De Bezwaarschriftenadviescommissie (hierna: de Commissie) adviseert UHT om het
bezwaarschrift gericht tegen de beschikking van 29 april 2022 met kenmerk UHT-DC-I A ongegrond te verklaren en geen proceskostenvergoeding toe te kennen.

Onderwerp van advies

Het door [gemachtigde] (hierna: gemachtigde) namens [belanghebbende] (hierna: belanghebbende) ingediende bezwaarschrift wordt geacht te zijn gericht tegen het volgende door UHT genomen besluit.

De beschikking van 29 april 2022 met kenmerk UHT-DC-I A, waarin UHT heeft beslist dat belanghebbende geen recht heeft op compensatie voor de toeslagjaren 2005 tot en met 2011. De reden hiervoor is dat Belastingdienst/Toeslagen (hierna: B/T) in deze periode geen fouten heeft gemaakt of te streng is geweest bij het uitvoeren van de regels van de kinderopvangtoeslag (hierna: KOT).

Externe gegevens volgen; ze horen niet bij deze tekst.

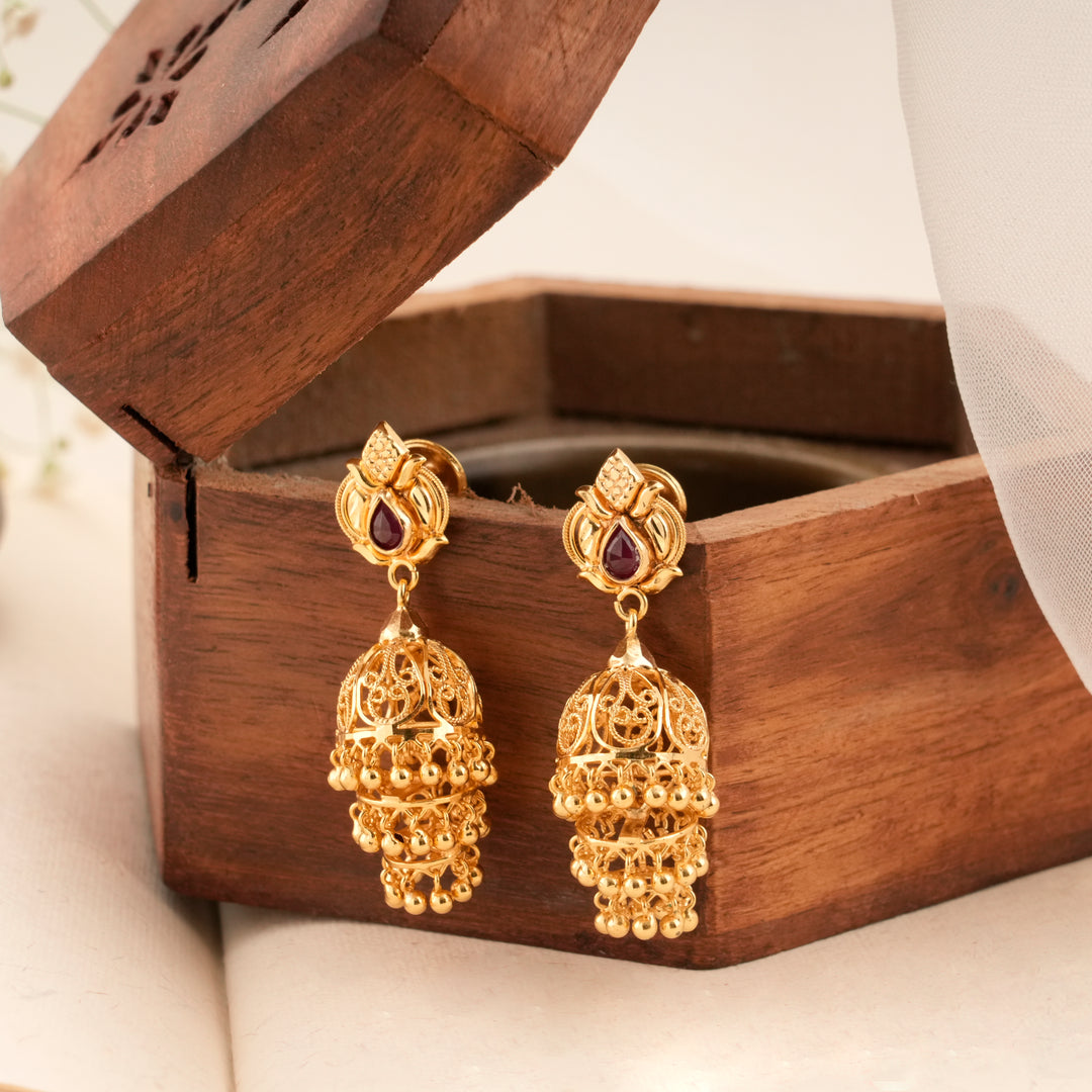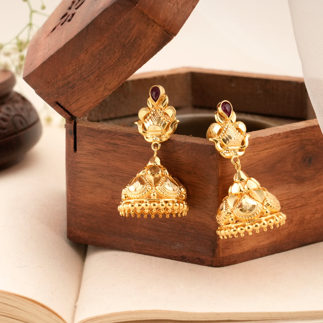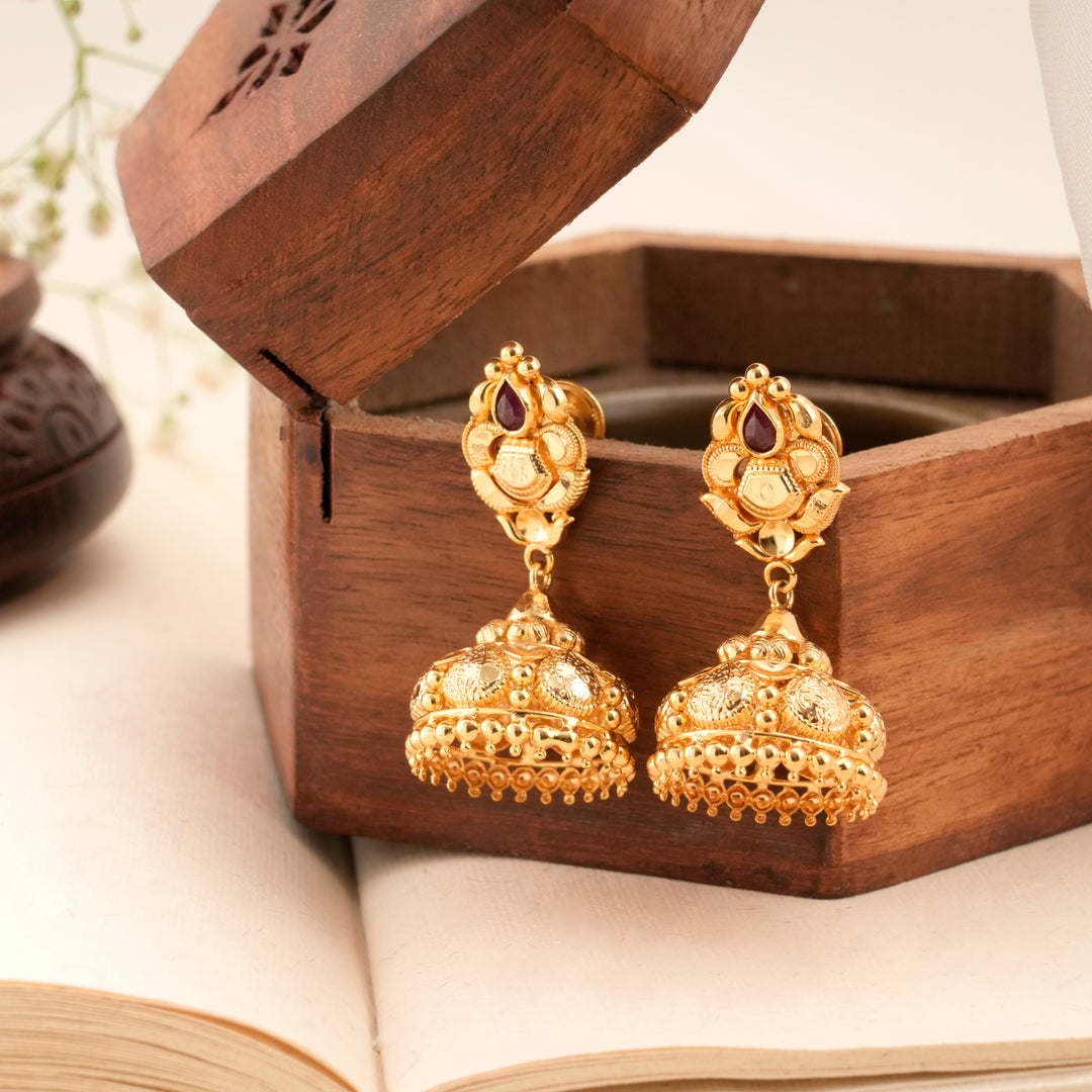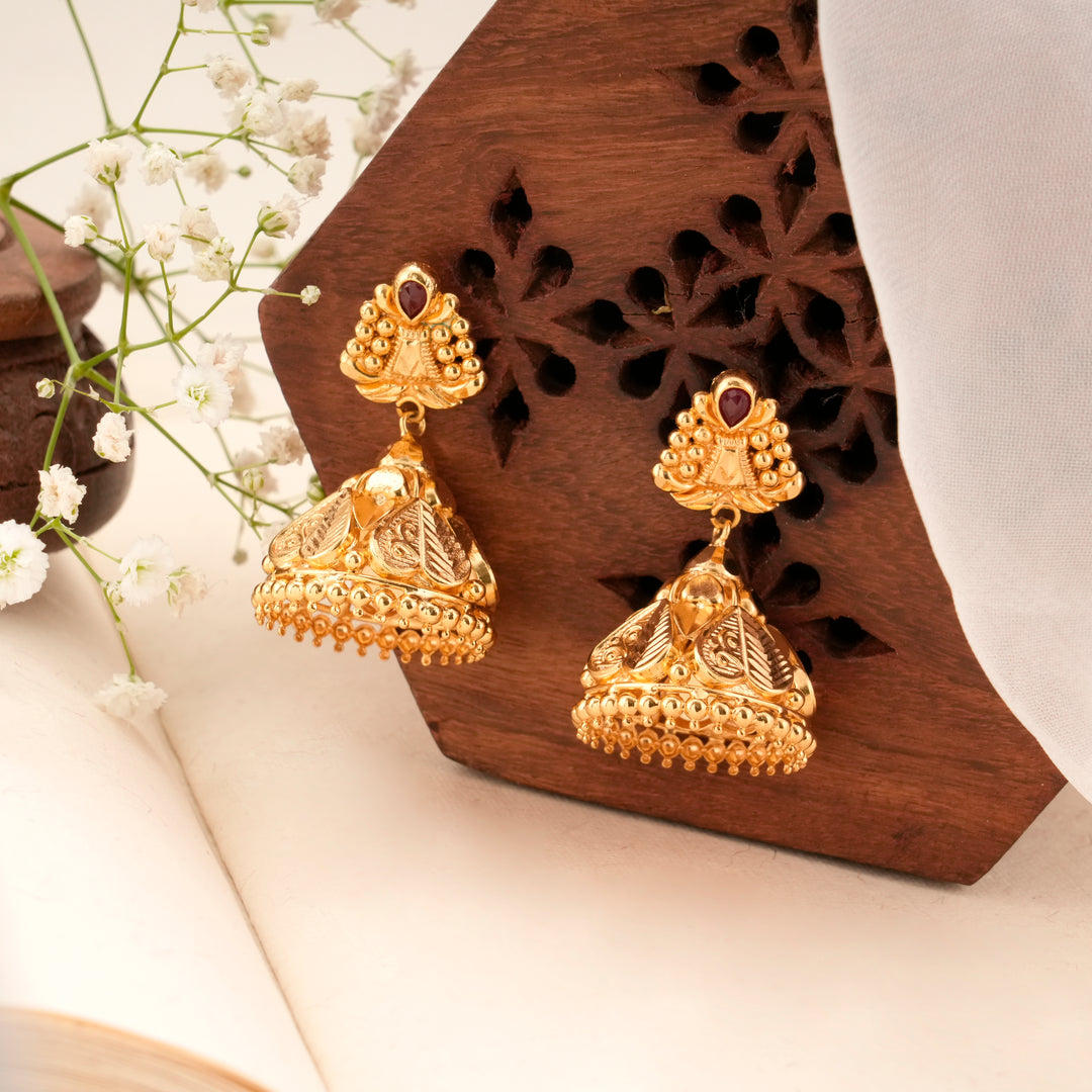 Classic Golden Ruby Design Jhumkas
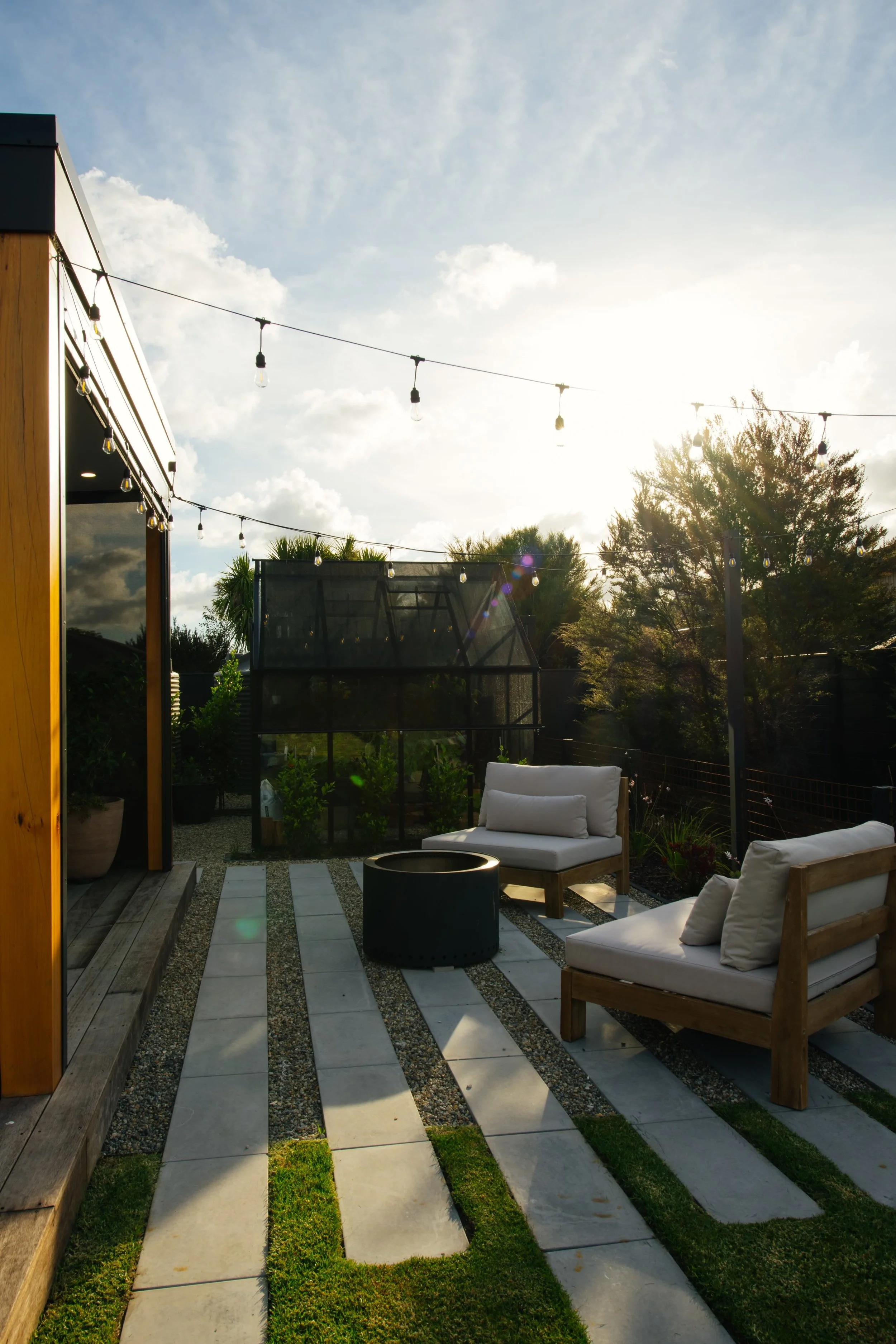 Key features include a Winter Gardenz Glasshouse with vegetable beds, a pathway and patio that blends into the lawn and fairy lights that add ambience for entertaining.

Op 5 november 2022 is de Wet van 2 november 2022 houdende regels ten behoeve van de hersteloperatie toeslagen (Wet hersteloperatie toeslagen, hierna: Wht) in werking getreden. Gelet op het bepaalde in de artikelen 8.6 en 9.2 Wht moeten de bestreden beschikkingen geacht worden te zijn genomen op grond van artikel 2.1 en verder van de Wht.

    Procesverloop

    • Op 4 februari 2021 heeft belanghebbende verzocht om een herbeoordeling van de
      KOT voor de toeslagjaren 2005 tot en met 2014. Na het gesprek met de persoonlijk
      zaakbehandelaar is de herbeoordeling aangepast naar de jaren 2005 tot en met
      2011.
    • Bij beschikking van 17 juli 2021 heeft UHT belanghebbende geïnformeerd dat zij op
      basis van de eerste toets in aanmerking komt voor het forfaitaire bedrag van
      € 30.000.
    • Op 6 april 2022 heeft de Commissie van Wijzen (hierna: CvW) advies uitgebracht. De
      CvW heeft overwogen, kort gezegd, dat niet is gebleken van institutioneel vooringenomen handelen voor de jaren 2005 tot en met 2011 noch dat er reden is voor toepassing van de hardheidscompensatie.
    • Bij beschikking van 29 april 2022 heeft UHT meegedeeld dat belanghebbende voor
      de toeslagjaren 2005 tot en met 2011 geen compensatie krijgt toegekend.
    • Op 3 juni 2022 heeft gemachtigde namens belanghebbende een pro forma
      bezwaarschrift ingediend. Deze is op 8 juni 2022 door UHT ontvangen.
    • Op 16 april 2024 heeft gemachtigde aanvullende gronden ingediend.
    • Op 17 mei 2024 heeft UHT een schriftelijke reactie ingediend.
    • Op 12 november 2024 heeft UHT, daartoe in de gelegenheid gesteld door de
      Commissie, de ontbrekende stukken in het bezwaardossier overgelegd. Deze zijn op
      13 november 2024 ter kennisgeving naar gemachtigde gestuurd.
    • Belanghebbende heeft de Commissie verzocht de zaak op stukken af te doen. De
      Commissie heeft besloten aan dit verzoek gevolg te geven.
    • De Commissie bestaande uit [commissieleden], heeft dit advies behandeld.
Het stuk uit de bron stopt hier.